Tuesday, July 28, 2009

Idiot Generation

I wonder now that developmental curriculum has again given way to syllabus driven curriculum if we will look back at the current generation as the illiterate or idiot generation. A bunch of kids that have 'challenged' spelling, writing, reading, grammar and arithmetic. A generation where challenging oneself was only the domain of those driven from outside the education system or those lucky few with teachers with the ability to entertain or drive students through sheer will.

This being the case, will children that have been betrayed by a poorly implemented experimental education system be able to seek redress from the government in years to come?
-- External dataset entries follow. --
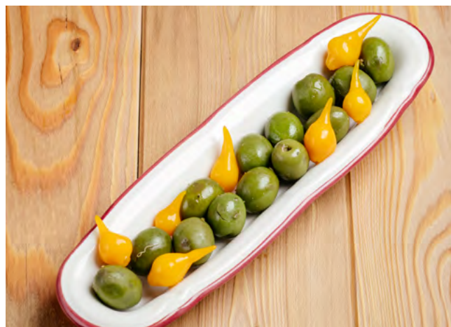
Закуска к вину
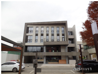
문학수첩 (마감공사 중)
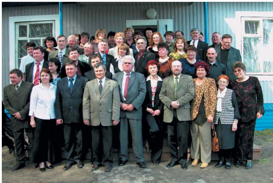
Юбилей газеты. 2005 г.

Любой журналист, если спросить у него, что есть районная газета, споёт свою песню на эту тему. Песни будут разные и

We risk a lot when we keep children in the system until year 12 regardless of their want for education. These children typically do not succeed and do not want to be in the education system. Are they the stolen generation of the future, "abused" by being kept in a system neither of their want or perceived need (by either their parents and themselves) a system not really geared to their needs, in many cases the children themselves are resented by those within the education system as time wasters and do nothings?

Will we be accused of preventing children reaching their potential by not providing adequate measures to curtail disruption in the classroom? Should we be doing more to create optimal environments for learning? Is preventing disruptive kids from these "optimal learning environments" abuse by neglect?

As society becomes a more litigious environment and legislators are less able to create common sense legislation, schools could become a battleground for lawyers on behalf of parents and children, based on the expectations gained through unscientific reports given by schools in early years and via standardised testing and IQ analysis.

Are students that only respond to physical violence at home (and/or experience few real boundaries) able to respond to verbal chastisement at school? Is a teacher that hits a student on the arm with a ruler worthy of an assault charge? Can we better protect the 100's of teachers that are assaulted every year?

I would hate to think that negative questions become the focus questions facing our next decade. I personally would much prefer to be concentrating on creating a stronger education system, well funded, well managed and with willing participants.